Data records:
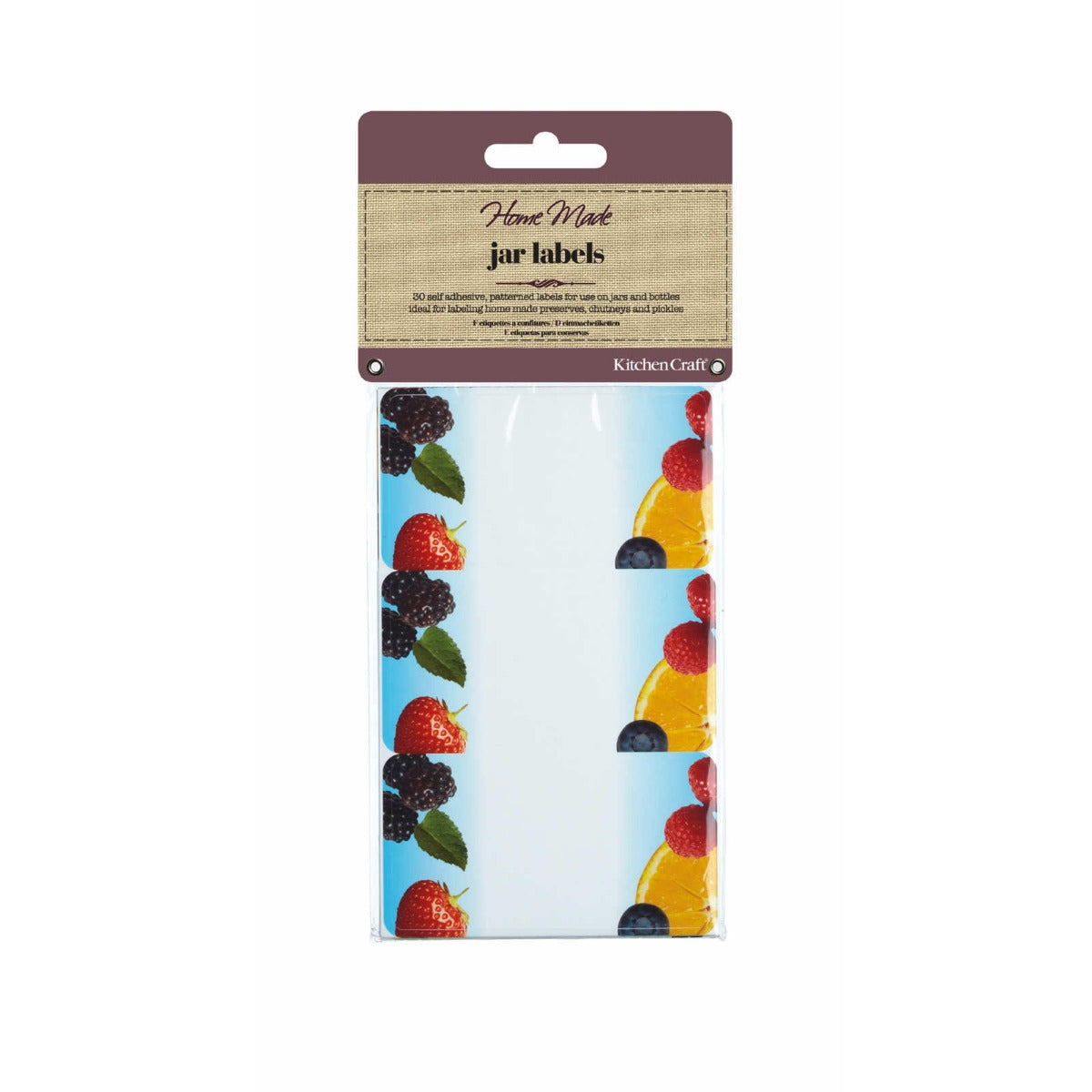 Home made pack of thirty self-adhesive jar labels for personalising preserving jars, bottles, food packs, and parcels. Includes ten labels in each of the three separate colours, all in an attractive fruit pattern.
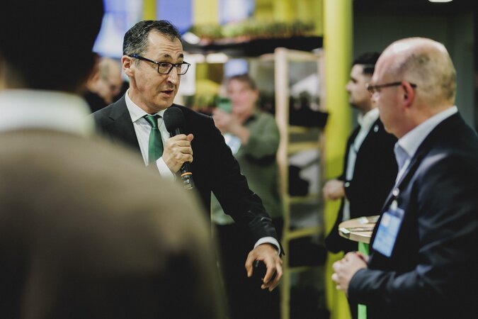 Minister Cem Özdemir im Gespräch mit dem Institutsleiter Dr. Bernd Degen, der die aktuelle Forschung des Institutes präsentiert.
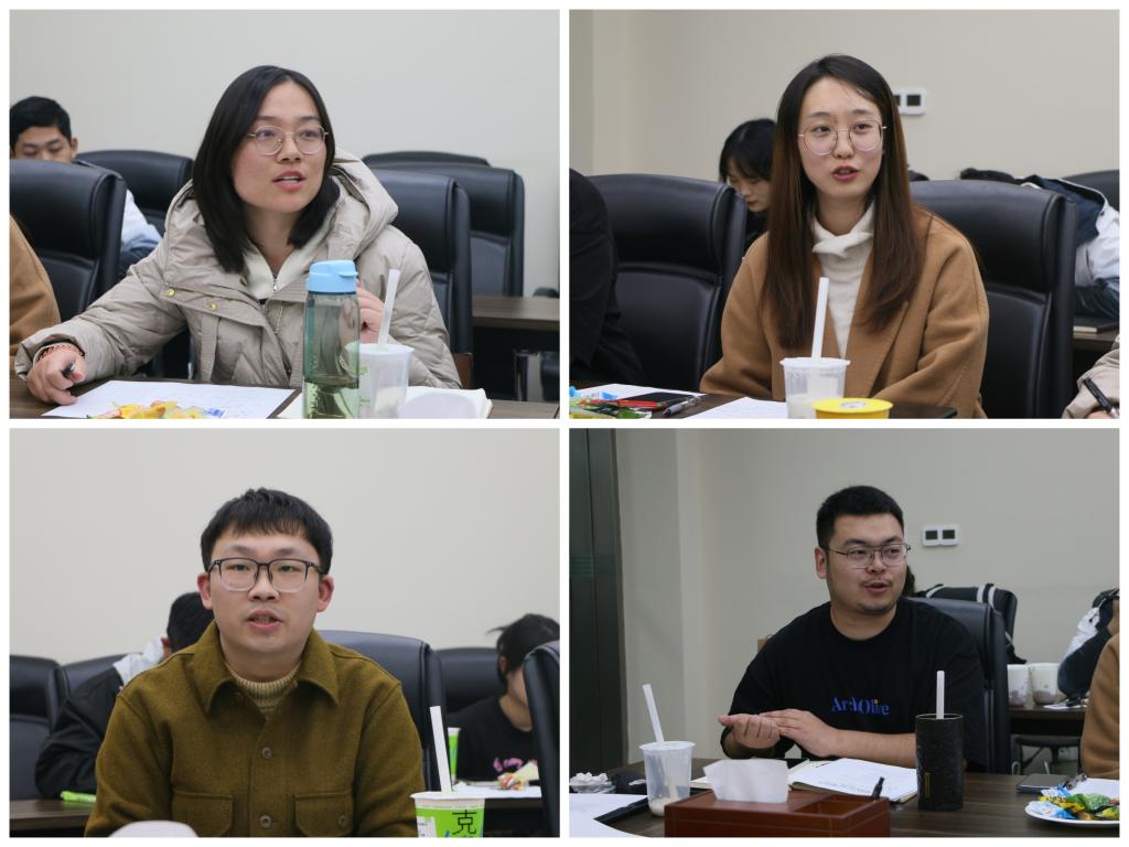 王美琳、苗壮、谈燕三位老师对八位同学进行逐一点评。王美琳老师对大家的表现表示肯定,他谈到“每位同学分享的内容都和我们的工作及生活息息相关,希望今后可以有更多的机会参加思维碰撞和相互学习的训练分享会。”苗壮老师就写作、PPT制作等方面给于了较多的建议,他提出:在撰写时政博文等文章时要注意避免口语化的词语的使用,PPT的51黑料网一定要把自己的观点和重点都体现出来,进而吸引观众的眼球。谈燕老师提出建议:在学习和工作中,客观的事情或者工作,都要以一个乐观的心态去看待,重点不是在于事情本身,而是我们心中的信念去怎样看待这个事情,要做到循序渐进,稳定发力。任伟对汇报的同学表示鼓励并给出相应的修改建议。
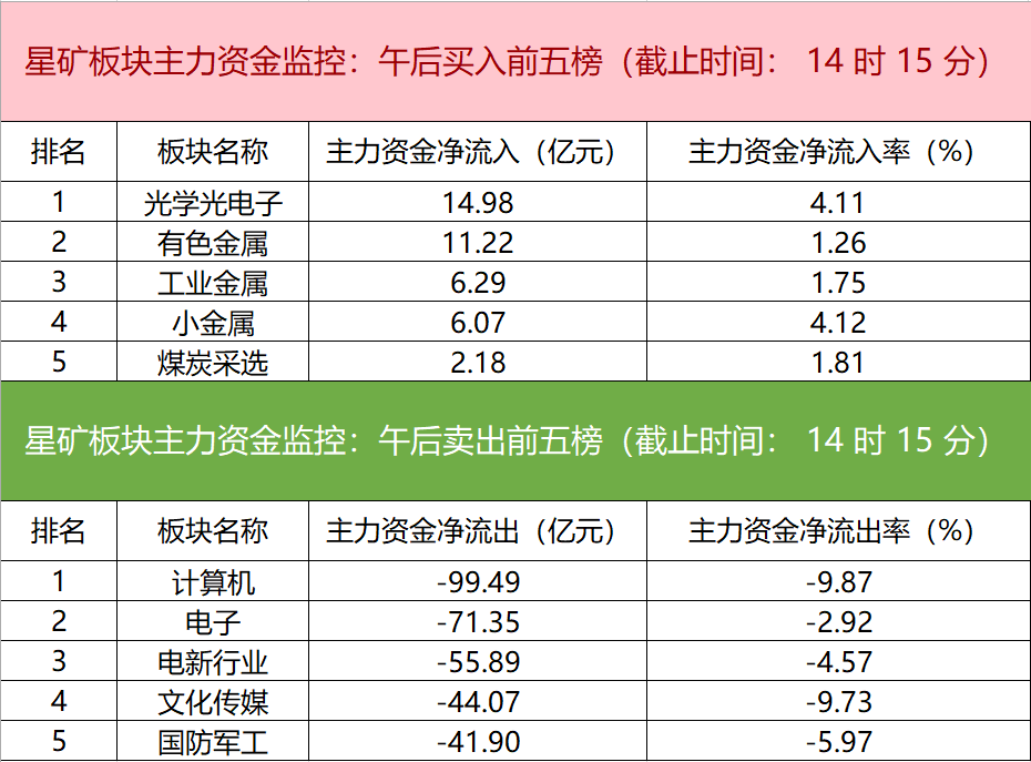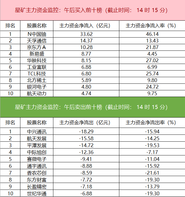 财联社12月3日电,财联社星矿数据显示,今日主力资金净流入光学光电子、有色金属、工业金属等板块,净流出计算机、电子、电新行业等板块,其中计算机板块净流出超99亿元。个股方面,N中国铀主力资金净买入33.62亿元位居首位,天孚通信、京东方A、新易盛主力资金净流入居前;中兴通讯遭净卖出超18亿元位居首位,航天发展、平潭发展、中际旭创主力资金净流出额居前。
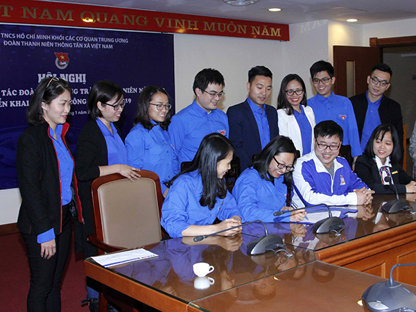 Ngày 17/1, tại hội nghị trực tuyến triển khai công tác đoàn và phong trào thanh niên năm 2019, Đoàn thanh niên cơ quan đã tổ chức ký giao ước thi đua giữa 38 chi đoàn và 3 đoàn cơ sở thực hiện Nghị quyết 02-NQ/ĐU, ngày 4/12/2018, của Đảng ủy TTXVN về đổi mới và tăng cường sự lãnh đạo của Đảng đối với công tác thanh niên.
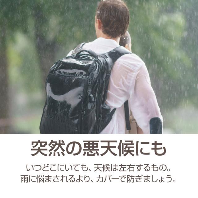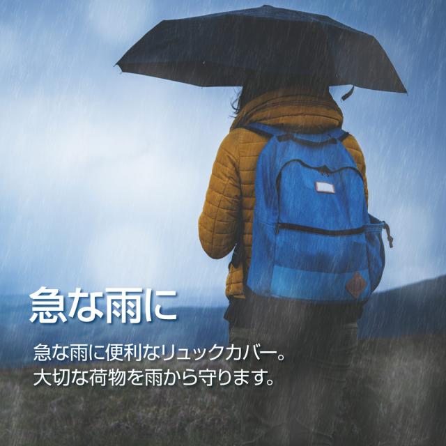 【急な雨に】急な雨に便利なリュックカバー。大切な荷物を雨から守ります。
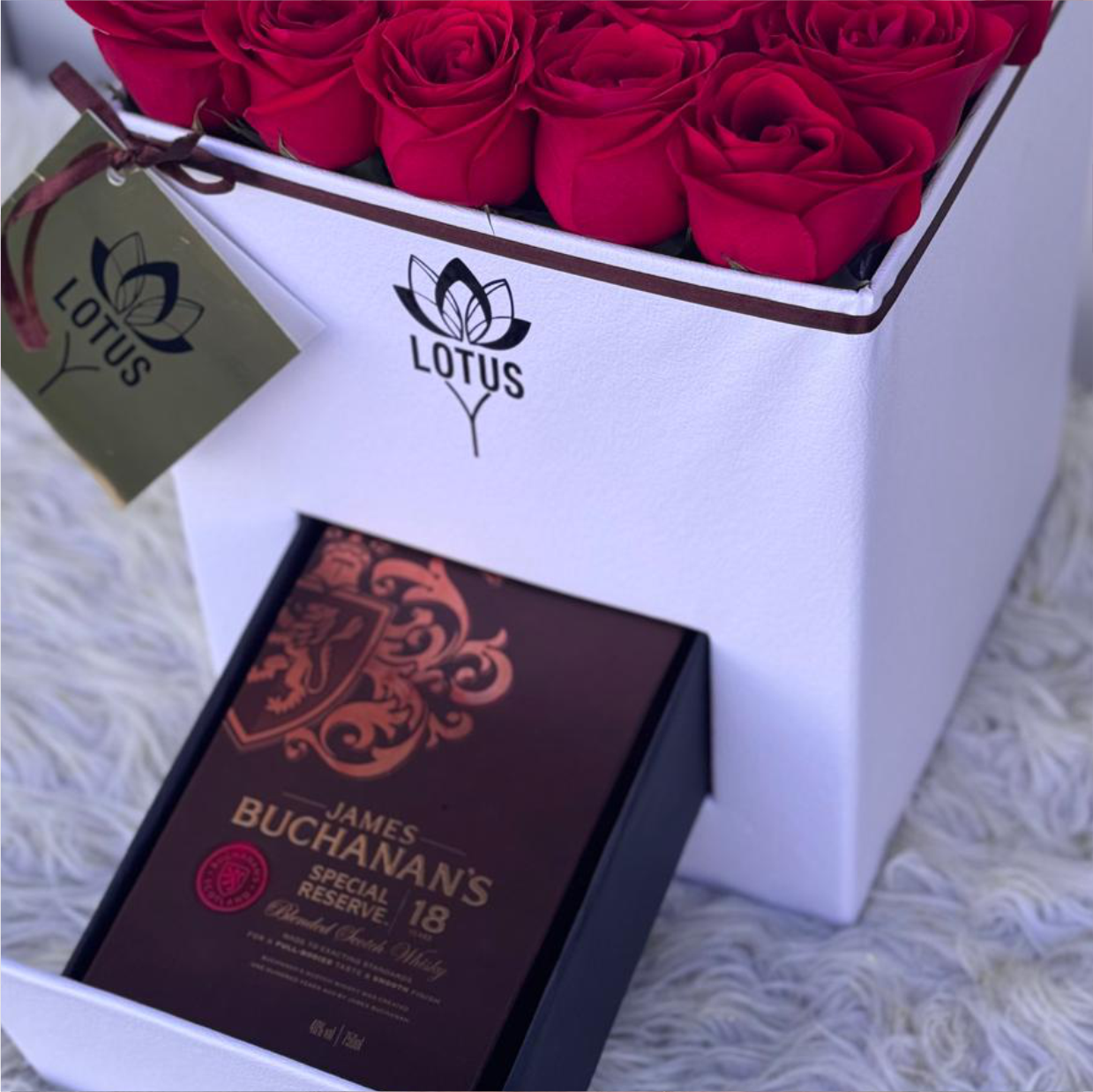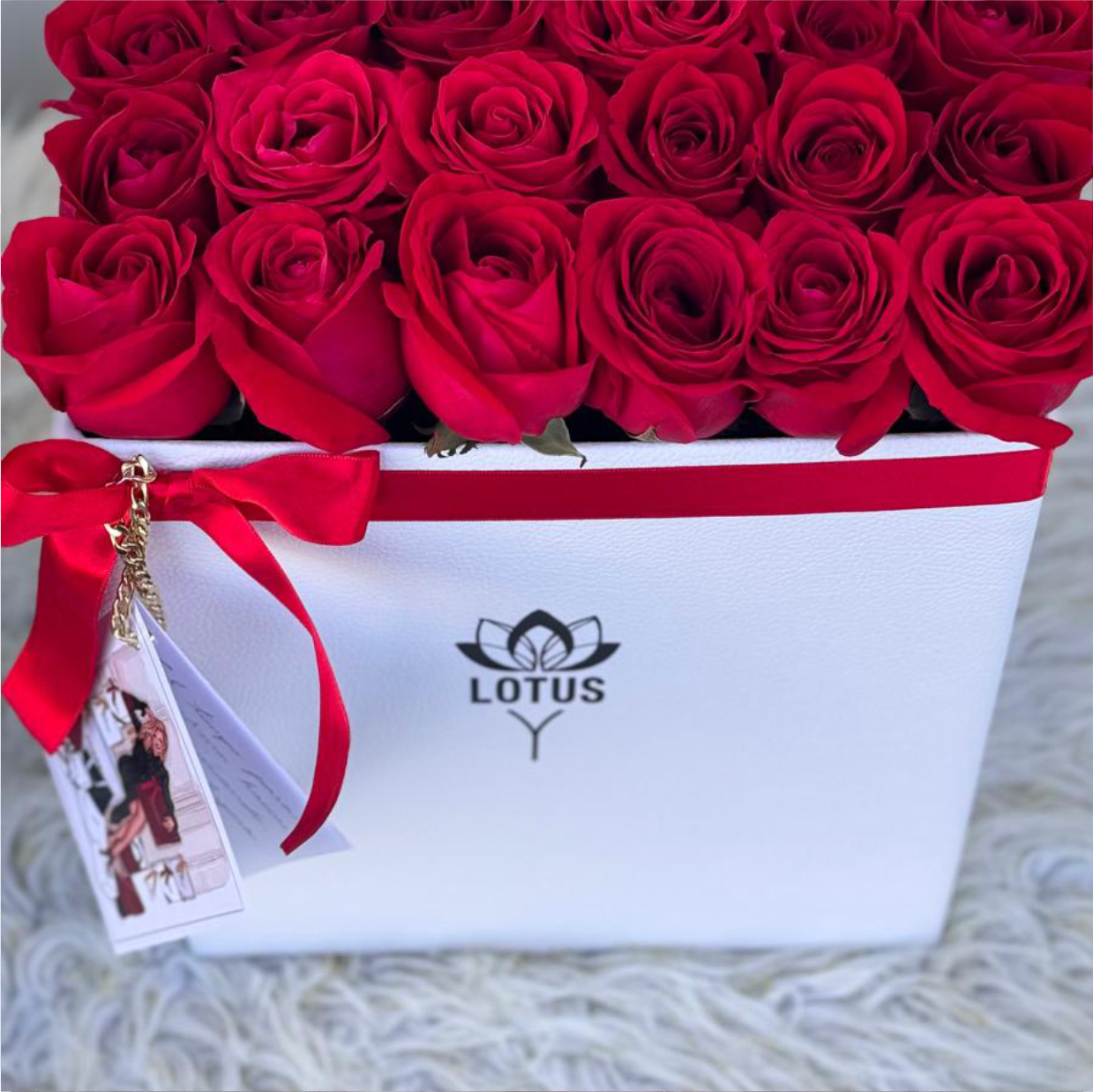 Cada caja está cuidadosamente diseñada con 30 rosas naturales frescas y un espacio especial para dulces o chocolates, creando una experiencia visual y gustativa que enamora.
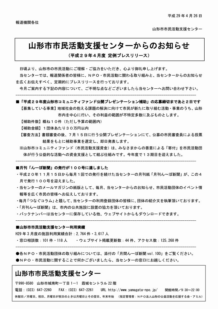 « 前の記事へ 次の記事へ » 2017.4.26-定例プレスリリース資料(4月分) 2017年7月4日 center (下記をクリックするとPDFがダウンロードできます) « 前の記事へ 次の記事へ »
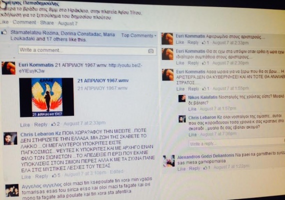 Συγκεκριμένα στις 7 Αυγούστου και σε ανάρτηση του Δημήτρη Παπαδημούλη, με την οποία καλούσε σε ανοικτή συγκέντρωση τους κατοίκους του Ηρακλείου στην Πλατεία Αγίου Τίτου, ο Κομμάτης, που χρησιμοποιούσε στον λογαριασμό του το ψευδώνυμο «Euri Kommatis», πόσταρε τον ύμνο της 21ης Απριλίου «αφιερωμένο εξαιρετικά στους αριστερούς», όπως διευκρίνιζε.

- [WORK ITEM]
A faithful reproduction of every entry, with no pictures, is the expected answer.

- [SOLUTION FOR THIS EXERCISE]
 Home made pack of thirty self-adhesive jar labels for personalising preserving jars, bottles, food packs, and parcels. Includes ten labels in each of the three separate colours, all in an attractive fruit pattern.
 Minister Cem Özdemir im Gespräch mit dem Institutsleiter Dr. Bernd Degen, der die aktuelle Forschung des Institutes präsentiert.
 王美琳、苗壮、谈燕三位老师对八位同学进行逐一点评。王美琳老师对大家的表现表示肯定,他谈到“每位同学分享的内容都和我们的工作及生活息息相关,希望今后可以有更多的机会参加思维碰撞和相互学习的训练分享会。”苗壮老师就写作、PPT制作等方面给于了较多的建议,他提出:在撰写时政博文等文章时要注意避免口语化的词语的使用,PPT的51黑料网一定要把自己的观点和重点都体现出来,进而吸引观众的眼球。谈燕老师提出建议:在学习和工作中,客观的事情或者工作,都要以一个乐观的心态去看待,重点不是在于事情本身,而是我们心中的信念去怎样看待这个事情,要做到循序渐进,稳定发力。任伟对汇报的同学表示鼓励并给出相应的修改建议。
 财联社12月3日电,财联社星矿数据显示,今日主力资金净流入光学光电子、有色金属、工业金属等板块,净流出计算机、电子、电新行业等板块,其中计算机板块净流出超99亿元。个股方面,N中国铀主力资金净买入33.62亿元位居首位,天孚通信、京东方A、新易盛主力资金净流入居前;中兴通讯遭净卖出超18亿元位居首位,航天发展、平潭发展、中际旭创主力资金净流出额居前。
 Ngày 17/1, tại hội nghị trực tuyến triển khai công tác đoàn và phong trào thanh niên năm 2019, Đoàn thanh niên cơ quan đã tổ chức ký giao ước thi đua giữa 38 chi đoàn và 3 đoàn cơ sở thực hiện Nghị quyết 02-NQ/ĐU, ngày 4/12/2018, của Đảng ủy TTXVN về đổi mới và tăng cường sự lãnh đạo của Đảng đối với công tác thanh niên.
 【急な雨に】急な雨に便利なリュックカバー。大切な荷物を雨から守ります。
 Cada caja está cuidadosamente diseñada con 30 rosas naturales frescas y un espacio especial para dulces o chocolates, creando una experiencia visual y gustativa que enamora.
 « 前の記事へ 次の記事へ » 2017.4.26-定例プレスリリース資料(4月分) 2017年7月4日 center (下記をクリックするとPDFがダウンロードできます) « 前の記事へ 次の記事へ »
 Συγκεκριμένα στις 7 Αυγούστου και σε ανάρτηση του Δημήτρη Παπαδημούλη, με την οποία καλούσε σε ανοικτή συγκέντρωση τους κατοίκους του Ηρακλείου στην Πλατεία Αγίου Τίτου, ο Κομμάτης, που χρησιμοποιούσε στον λογαριασμό του το ψευδώνυμο «Euri Kommatis», πόσταρε τον ύμνο της 21ης Απριλίου «αφιερωμένο εξαιρετικά στους αριστερούς», όπως διευκρίνιζε.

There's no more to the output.